Intra-abdominal myofibroblastoma, which is extremely rare, was found in a 9-year-old boy. This child experiended intermittent abdominal discomfort. An approximately 5-cm mass with heterogenous enhancement, focal calcification and necrosis was observed on a computed tomography scan. The mass was excised en bloc including a part of omentum and peritoneum. The specimen was 6.5×5×4.5 cm in diameter. Myofibroblastoma was pathologically confirmed. There was no recurrence after excision at the 8-month follow-up visit. The mean follow-up time was 28.0 months (median, 28.0 months; range, 1 to 104 months). No case had evidence of tumor recurrence during this relatively long-term follow-up.

Myofibroblastoma is a recently discovered disease and is now increasingly recognized. In our two hospitals, a total of 11 cases were reported during 13 years.

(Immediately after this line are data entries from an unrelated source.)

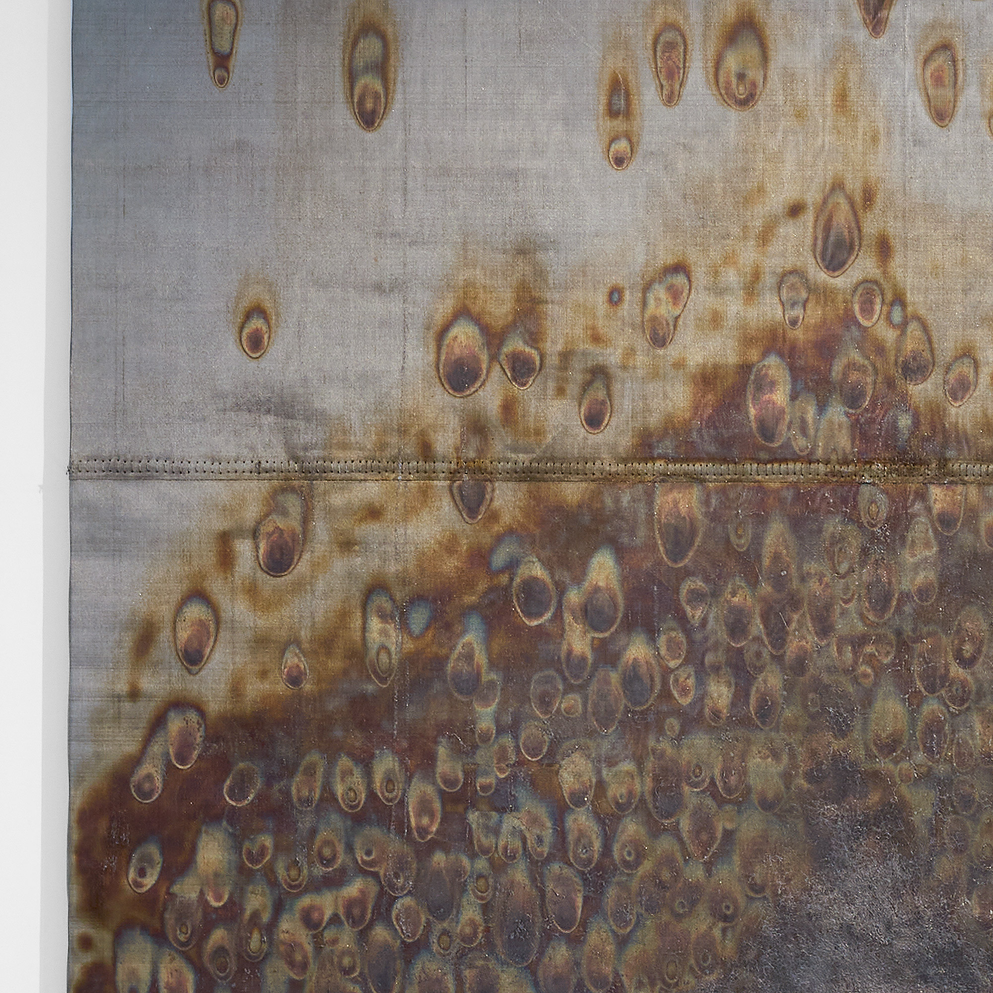 Henrik Nordahl, Seventh sense, 2024. Burned metal canvas, copper and aluminum tape, tin.
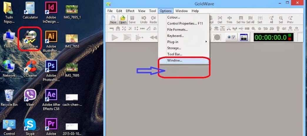 -Tiếp theo là tiếp hành Crack phần mềm để sử dụng vĩnh viễn: mở GoldWave lên vào vào Options => chọn Register để đăng nhập Mã Key phần mềm.
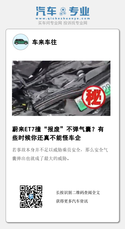 不过,仅以蔚来ET7此次事故来看,安全气囊未弹出或许是正确的。某知名高校汽车相关教授对《汽车专业网》编辑表示,这个碰撞气囊不点火是对的,没有吐槽点,前面撞的不厉害,追尾碰撞无须气囊保护,侧面没碰撞。气囊没道理点火。

As a highly rare tumor, physicians should pay more attention to differential diagnosis to avoid excessive and radical treatment. The differential diagnosis of myofibroblastoma includes the following: spindle cell lipoma, fibromatosis, nodular and proliferative fasciitis, myoepithelioma and peripheral nerve sheath tumors. The differential diagnosis can be broad and somewhat dependent upon the anatomic location. It is also important to consider malignant tumors such as spindle cell carcinoma, leiomyosarcoma, infiltrating ductal carcinoma, metastatic malignant melanoma, apocrine carcinoma, stromal sarcoma and malignant fibrous histiocytoma in the differential diagnosis.

The mean age at time of diagnosis and a wide range are consistent with previous reports [2,4,6]. However, in the present study, the predominance was in the slightly younger (between the fifth and seventh decades in our study compared with the sixth and seventh decades in other studies).

In our series, anatomic locations included the vagina (27.3%) and breast (63.6%). The most recent comprehensive analysis of the clinicopathologic characterization of myofibroblastoma examined 143 cases [6]. In that study, the most common site was the groin or inguinal region (45%), including vulvar, perineal, and scrotal locations. The second most common site was the lower extremities (13%). The proportion of breast tumor was relatively lower (10%) than that of our study. However, the previous study has a critical limitation. Because all of the cases in that study were reviewed in consultation, the anatomic distribution reported may have been affected by referral bias. Furthermore, detailed clinical information was received from the referring physicians in only small portions (38%) of cases.

Ganesan et al. [4] analyzed the results of 12 patients with histologically proven myofibroblastoma of the lower female genital tract. In that study, myofibroblastoma occurred more frequently in the vagina (10 patients) than the vulva (two patients). Similarly, in our study, there was no case occurred in the vulva, while tumors were located in the vagina in three patients.

Among extramammary myofibroblastomas, intra-abdominal myofibroblastoma is especially rare. Howitt and Fletcher [6] has reported that 14 (9.7%) out of 143 tumors were intra-abdominal, retroperitoneal, or visceral in location.

A previous study reported cases of tumor recurrence; however, the recurrence rate was only 1.4% [6]. Based on previously published data and supported by our series, it can be concluded that the risk of recurrence is extremely low. No case had a recurrence on follow-up in the present study. Because of the benign nature of these lesions, some patients had relatively short follow-up.

Our results suggest that the predominance of age distribution was in the relatively younger than previous studies. The anatomic distribution was also different from previous studies. However, it is difficult to achieve a solid conclusion due to the small number of patients. Further studies with larger numbers and long-term follow-up periods are needed.

In summary, we report a case series of myofibroblastoma involving the lower genital tract, breast and abdomen. Along with the rarity of this tumor, we also discussed its characteristic features and histopathological findings. To the best of our knowledge, this is the first study to report clinicopathologic information of myofibroblastoma in Korean patients.